Archivist's Angle: A Year of Protest, 1968
November 15, 2018
By: Lexi Echelman (GSAS ’19)
With the assassination of Dr. Martin Luther King Jr., the escalation of the war in Vietnam, and the election of Richard Nixon, college campuses across the nation became the center of the youth protest movement of 1968. New York University was no exception.
Some of the first protests at NYU demonstrated students’ commitment to de-escalating the Vietnam War. On March 6, 1968, hundreds of students protested Dow Chemical Company’s recruitment center at the corner of Mercer and West Third Streets for the company’s production of napalm. According to The Washington Square Journal, the students held their protest but did allow Allan M. Cartter, the University Chancellor, to speak on the administration’s behalf. The result of this protest was the establishment of a new recruitment system, where a faculty member and student from each NYU school selected recruiters, which the University Senate would then confirm.
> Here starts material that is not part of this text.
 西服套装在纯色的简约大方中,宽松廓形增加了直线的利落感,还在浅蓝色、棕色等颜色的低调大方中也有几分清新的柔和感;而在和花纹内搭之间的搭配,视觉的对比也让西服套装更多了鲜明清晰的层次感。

In the wake of the assassination of Dr. Martin Luther King Jr. in April of 1968, the student body, particularly students of color (but also other student activist organizations), called for the University to address the needs of African American and Latino students. And, indeed, NYU officials took an unprecedented step for the University: they hired a student-backed former public school teacher named John F. Hatchett to lead the new Afro-American Student Center. Hatchett’s appointment, however, soon caused tension. It was revealed that Hatchett had criticized the predominantly Jewish teachers union. Despite heated calls for his removal from alumni and Jewish organizations, it was only after Hatchett criticized public figures like Richard Nixon, Hubert Humphrey, and the United Federation of Teachers leader Albert Shanker that he was terminated from his position at NYU. His supporters were quick to claim that Hatchett’s remarks were simply used as a convenient excuse to remove the controversial figure. Students soon occupied Hester’s office in response to the dismissal and the center was subsequently made independent of the University.
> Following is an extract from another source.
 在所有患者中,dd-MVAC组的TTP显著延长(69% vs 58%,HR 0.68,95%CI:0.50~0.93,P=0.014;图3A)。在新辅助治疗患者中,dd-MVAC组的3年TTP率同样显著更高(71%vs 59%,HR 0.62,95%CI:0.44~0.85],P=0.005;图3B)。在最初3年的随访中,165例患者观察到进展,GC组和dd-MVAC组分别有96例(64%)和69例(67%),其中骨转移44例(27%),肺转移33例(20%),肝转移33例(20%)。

Concurrently with the Hatchett protests, the Vietnam War and the election of Richard Nixon continued to inspire activist students to become more confrontational with the school’s administration. In December of 1968, the permanent observer for South Vietnam to the United Nations, Nguyen Huu Chi, spoke at New York University’s Loeb Student Center. Members of the NYU chapter of Students for a Democratic Society (SDS) disrupted Chi’s speech and forced him to leave the stage. The protestors then decided to disrupt New York Times Executive Editor James Reston, who was also speaking in the building that evening, due to his support for former president Johnson’s war policy in Vietnam. These demonstrations became known as the Chi-Reston Affair. NYU president James M. Hester called these demonstrations an “extraordinary discourtesy” to the institution’s guests and labelled these protests as “barbaric.” One student was ultimately suspended for his role in the protests.
These are just a selection of the protests that erupted during a tumultuous year at NYU. It should also be noted that the student body on the whole was not always supportive of these events, especially the increasingly antagonistic protests organized by various activist organizations. And there were major divisions within the community of student activists as well. Still, the 1968 protests laid the groundwork for future activism for a variety of marginalized student groups in the years to come.